**Material for this exercise**.

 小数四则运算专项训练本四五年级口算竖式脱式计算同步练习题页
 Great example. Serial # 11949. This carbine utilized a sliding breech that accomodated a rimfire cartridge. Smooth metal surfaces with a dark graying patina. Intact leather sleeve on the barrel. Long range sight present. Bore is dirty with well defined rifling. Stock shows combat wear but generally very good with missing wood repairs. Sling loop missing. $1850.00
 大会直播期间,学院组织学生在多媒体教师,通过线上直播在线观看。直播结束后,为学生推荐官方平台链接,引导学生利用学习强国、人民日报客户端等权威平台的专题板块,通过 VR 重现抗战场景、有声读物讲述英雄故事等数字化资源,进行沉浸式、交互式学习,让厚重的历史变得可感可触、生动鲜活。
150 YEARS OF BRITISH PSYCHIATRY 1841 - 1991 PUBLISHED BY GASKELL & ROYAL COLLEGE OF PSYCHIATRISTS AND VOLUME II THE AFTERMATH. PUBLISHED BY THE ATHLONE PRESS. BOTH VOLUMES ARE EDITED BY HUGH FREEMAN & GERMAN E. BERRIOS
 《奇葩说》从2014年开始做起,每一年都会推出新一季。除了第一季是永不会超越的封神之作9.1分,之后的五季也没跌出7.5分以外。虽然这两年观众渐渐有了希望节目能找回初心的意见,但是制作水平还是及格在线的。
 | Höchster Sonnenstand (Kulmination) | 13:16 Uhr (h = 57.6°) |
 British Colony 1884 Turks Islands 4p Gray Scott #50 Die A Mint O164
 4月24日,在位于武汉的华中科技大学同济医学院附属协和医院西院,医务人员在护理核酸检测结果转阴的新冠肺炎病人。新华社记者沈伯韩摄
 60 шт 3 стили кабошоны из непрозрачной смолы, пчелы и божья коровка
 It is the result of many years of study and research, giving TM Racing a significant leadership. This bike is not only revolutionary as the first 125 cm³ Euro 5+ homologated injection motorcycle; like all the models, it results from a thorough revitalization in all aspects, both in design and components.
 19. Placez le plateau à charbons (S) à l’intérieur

**Work required**. Output the data exactly, so that every line matches the original.

**Solved problem**.
 小数四则运算专项训练本四五年级口算竖式脱式计算同步练习题页
 Great example. Serial # 11949. This carbine utilized a sliding breech that accomodated a rimfire cartridge. Smooth metal surfaces with a dark graying patina. Intact leather sleeve on the barrel. Long range sight present. Bore is dirty with well defined rifling. Stock shows combat wear but generally very good with missing wood repairs. Sling loop missing. $1850.00
 大会直播期间,学院组织学生在多媒体教师,通过线上直播在线观看。直播结束后,为学生推荐官方平台链接,引导学生利用学习强国、人民日报客户端等权威平台的专题板块,通过 VR 重现抗战场景、有声读物讲述英雄故事等数字化资源,进行沉浸式、交互式学习,让厚重的历史变得可感可触、生动鲜活。
150 YEARS OF BRITISH PSYCHIATRY 1841 - 1991 PUBLISHED BY GASKELL & ROYAL COLLEGE OF PSYCHIATRISTS AND VOLUME II THE AFTERMATH. PUBLISHED BY THE ATHLONE PRESS. BOTH VOLUMES ARE EDITED BY HUGH FREEMAN & GERMAN E. BERRIOS
 《奇葩说》从2014年开始做起,每一年都会推出新一季。除了第一季是永不会超越的封神之作9.1分,之后的五季也没跌出7.5分以外。虽然这两年观众渐渐有了希望节目能找回初心的意见,但是制作水平还是及格在线的。
 | Höchster Sonnenstand (Kulmination) | 13:16 Uhr (h = 57.6°) |
 British Colony 1884 Turks Islands 4p Gray Scott #50 Die A Mint O164
 4月24日,在位于武汉的华中科技大学同济医学院附属协和医院西院,医务人员在护理核酸检测结果转阴的新冠肺炎病人。新华社记者沈伯韩摄
 60 шт 3 стили кабошоны из непрозрачной смолы, пчелы и божья коровка
 It is the result of many years of study and research, giving TM Racing a significant leadership. This bike is not only revolutionary as the first 125 cm³ Euro 5+ homologated injection motorcycle; like all the models, it results from a thorough revitalization in all aspects, both in design and components.
 19. Placez le plateau à charbons (S) à l’intérieur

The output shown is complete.